For each cluster, we calculated the number of DHSs bound by each of the analyzed TRFs. Next, for each cluster we identified 20 TRFs which were bound to the greatest number of DHSs. Then we merged these 5 sets of TRFs into one list which was comprised of 28 unique TRFs. We plotted the binding of these selected TRFs in PIR-overlapping DHSs as a heatmap (Fig. 3c).
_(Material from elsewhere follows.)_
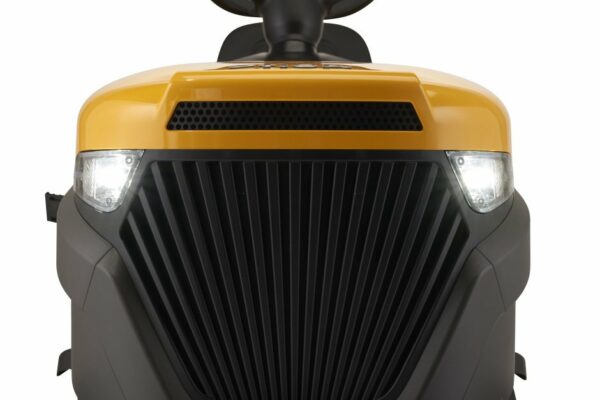 Zu den absoluten Komfortmerkmalen zählen die leistungsstarken und doch energieeffizienten LED-Scheinwerfer, die sicheres Mähen selbst bei wenig Licht ermöglichen, das höher angesetzte Lenkrad für beste Benutzerfreundlichkeit und die mühelose Elektromagnetkupplung für die Messer. Mulchkit, Zugöse und Akku-Ladegerät separat erhältlich.

To characterize the identified clusters, we overlapped cluster-assigned DHSs with K562 ChromHMM states (Ernst et al., 2011). We also overlapped DHSs with CRISPRi-verified enhancers from Fulco et al. (Fulco et al., 2019) and Gasperini et al. (Gasperini et al., 2019) in order to assess enhancer enrichment of each cluster with a one-sided binomial test.
To calculate the number and distance distributions of MChIP-C interactions associated with the identified DHS clusters, we overlayed the complete set of P-PIR interactions with positions of the promoter-interacting DHSs.
Random forest regression for modeling of MChIP-C signal
We used a random forest regression model (R library “ranger”) to predict normalized MChIP-C signal and to identify predictive features. We focused on a subset of viewpoint-DHS pairs separated by <250 kb. We identified 104,166 such viewpoint-DHS pairs with a non-zero count of MChIP-C reads and filtered out 2 outliers (chr16:214,895-215,045 and chr5:693,455-693,605) which were 175 and 82 IQRs above the third quartile. For training the initial model, we used the following features: viewpoint-DHS distance, CTCF motif orientation on both the viewpoint and DHS and CTCF ChIP-seq signal on both the viewpoint and DHS. Training parameters were default with mtry=3, num.trees=100.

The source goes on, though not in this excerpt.